Воссоединенные
Шрифт:
— Я никогда не скучал по ним, — откликаюсь я. В Ории у нас был только Холм, и меня это никогда не заботило. Меня больше привлекали небольшие места — лужайка перед зданием школы, яркая синева плавательного бассейна. И еще мне нравились кленовые деревья, пока их совсем не спилили. Мне хочется создать заново все эти прекрасные вещи, теперь, когда Общество пало.
— Мое имя — Ксандер, — неожиданно говорю я Лей, и удивляю нас обоих. — Кажется, я никогда не говорил тебе его.
— А я Ниа, — отвечает она.
— Очень приятно, — говорю я. Так оно и есть, хотя мы не будем нарушать протокол и обращаться друг к другу по именам
— Что мне нравится в нем больше всего, — резко меняет она и тон, и тему разговора, — так это то, что он никогда не боится. Кроме того случая, когда он влюбился в меня. Но и тогда он не отступил.
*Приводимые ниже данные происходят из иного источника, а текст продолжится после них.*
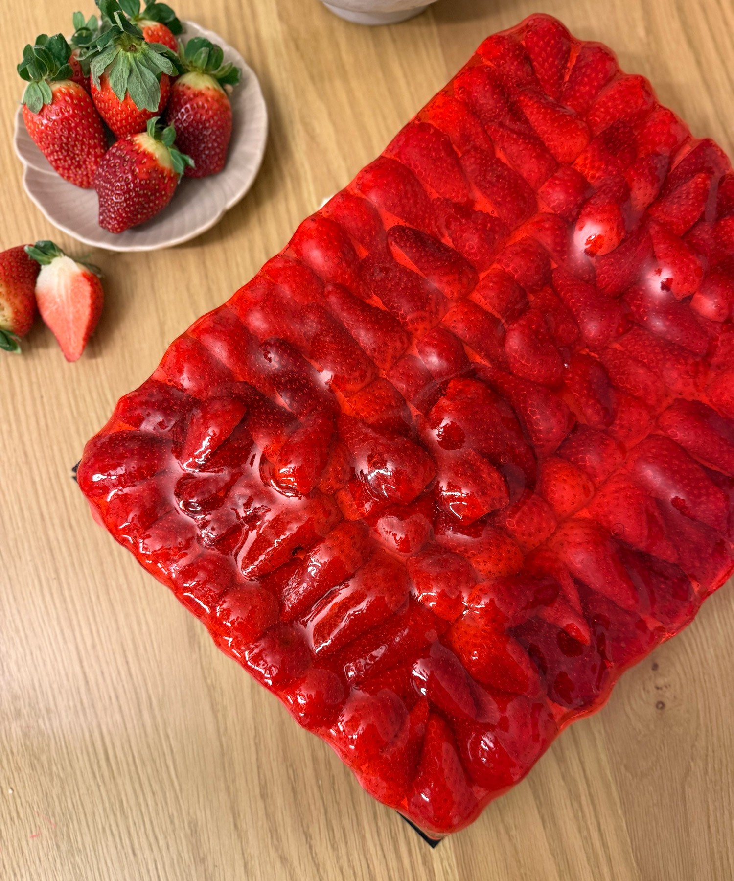 Klassisk jordbærtærte med sprød bund og cremet fyld.

На то, чтобы дать правильный ответ, у меня уходит чуть больше времени, чем обычно. Но Лей не дает мне и рта раскрыть.
— А что тебе нравится в ней? — спрашивает она. — В твоейПаре?
— Все, — отвечаю я. — Абсолютно. — Мои руки безвольно повисают. И снова я не могу подобрать слова для ответа. Это чувство так непривычно, и я не могу понять, почему мне так сложно говорить о Кассии.
Мне кажется, что Лей огорчает мое немногословие, но нет. — Я тебя понимаю, — она согласно кивает.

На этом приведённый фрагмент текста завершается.